Die Inflation sank schneller als erwartet
In den Industrieländern sank die Inflation schneller als erwartet und markiert damit einen neuen Wendepunkt im Kampf der Zentralbanken gegen die Inflation.
Das Verbraucherpreiswachstum in Großbritannien, den USA und Europa hat sich abgekühlt. Dies weckt die Befürchtung, dass die Zentralbanken im nächsten Jahr auf die Bremse treten und mit Zinssenkungen beginnen könnten.
Experten halten dies für ein willkommenes Zeichen angesichts der sich abschwächenden Weltwirtschaft und weckt die Aussicht auf eine „sanfte Landung“ nach einem Zyklus kontinuierlicher Zinserhöhungen in der letzten Zeit. Darüber hinaus steht auch die europäische Wirtschaft am Rande einer Rezession.
Auch bei US-amerikanischen und europäischen Staatsanleihen zeigt sich Abkühlungstendenzen, da die Anleger davon ausgehen, dass die Zinssätze in naher Zukunft sinken werden.
„Dies ist eindeutig ein Wendepunkt für die Inflation“, sagte Stefan Gerlach, ehemaliger stellvertretender Gouverneur der irischen Zentralbank, dem Wall Street Journal . „Die Anleger könnten überrascht sein, wie schnell die Zentralbanken die Zinsen im nächsten Jahr senken werden, möglicherweise um 1,5 Prozentpunkte.“
Das Verbraucherpreiswachstum in Großbritannien, den USA und Europa hat sich abgekühlt, was die Erwartung weckt, dass die Zentralbanken „auf die Bremse treten“ und im nächsten Jahr mit der Senkung der Zinssätze beginnen könnten (Foto: Shutter Stock).
Der starke Rückgang der Inflation weltweit verdeutlicht auch die Faktoren, die die Preise in die Höhe getrieben haben, insbesondere im Zuge der Covid-19-Pandemie und des Russland-Ukraine-Konflikts.
Diese Faktoren führen zu Störungen der globalen Lieferketten, einem Personalabbau und steigenden Energiepreisen, insbesondere in Europa. Dieser Inflationsdruck hat inzwischen nachgelassen.

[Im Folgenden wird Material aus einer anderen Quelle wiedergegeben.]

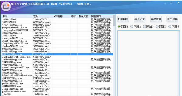 软件会全自动扫描接口共享的优酷土豆帐号(优酷土豆是一家,帐号通用),然后扫完就开始批量验密了
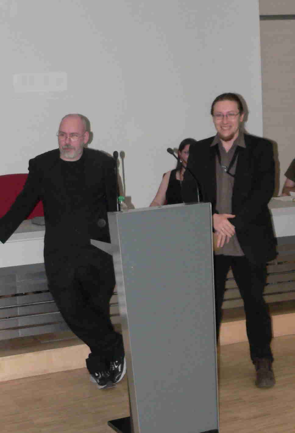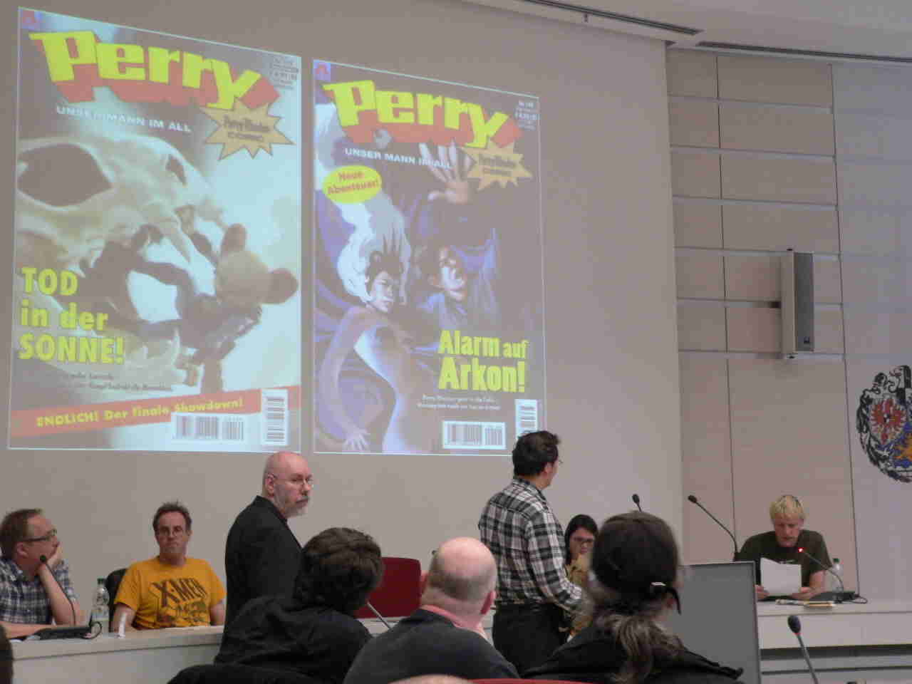 Die Fotos neun und zehn entstanden bei der ICOM-Preisverleihung heute abend. Das erstere Bild zeigt Burkhard Ihme (links) mit Preisträger Levin Kurio. Er hat als Fanzinemacher begonnen und gibt heute ein Gruselmagazin heraus, das Ihr vielleicht auch schon mal am Bahnhofskiosk gesehen habt, „Horror Schocker“. Die Storys werden ausschließlich von deutschsprachigen Zeichnern umgesetzt. Außerdem wurde das Magazin „Perry“ ausgezeichnet, ursprünglich ein Comicheft aus den 70er Jahren. Das Besondere ist, dass es heute von einem Comicstudio in Hamburg produziert wird, der Alligator Farm. Beide Preisträger zeigen, dass Comiczeichner in Deutschland den Weg bis zum Profi schaffen können.

Die Inflation wird auch durch angebotsseitige Faktoren angetrieben, wie etwa das Konjunkturpaket der US-Regierung in Milliardenhöhe sowie die aufgestaute Nachfrage und die Ersparnisse der Verbraucher während der Pandemie.
Dies ist laut Ökonomen der Grund, warum die Kerninflation auch fast vier Jahre nach Ausbruch der Pandemie noch immer hoch ist und zur Eindämmung der Inflation Zinserhöhungen erforderlich sind.
„Wir kommen allmählich aus der Inflation heraus“
Selbst in Ländern wie Großbritannien, wo die Inflation als besonders hartnäckig gilt, zeichnet sich eine gewisse Verbesserung ab. Die Bank of England (BoE) erklärte jedoch, es sei noch zu früh, über Zinssenkungen nachzudenken.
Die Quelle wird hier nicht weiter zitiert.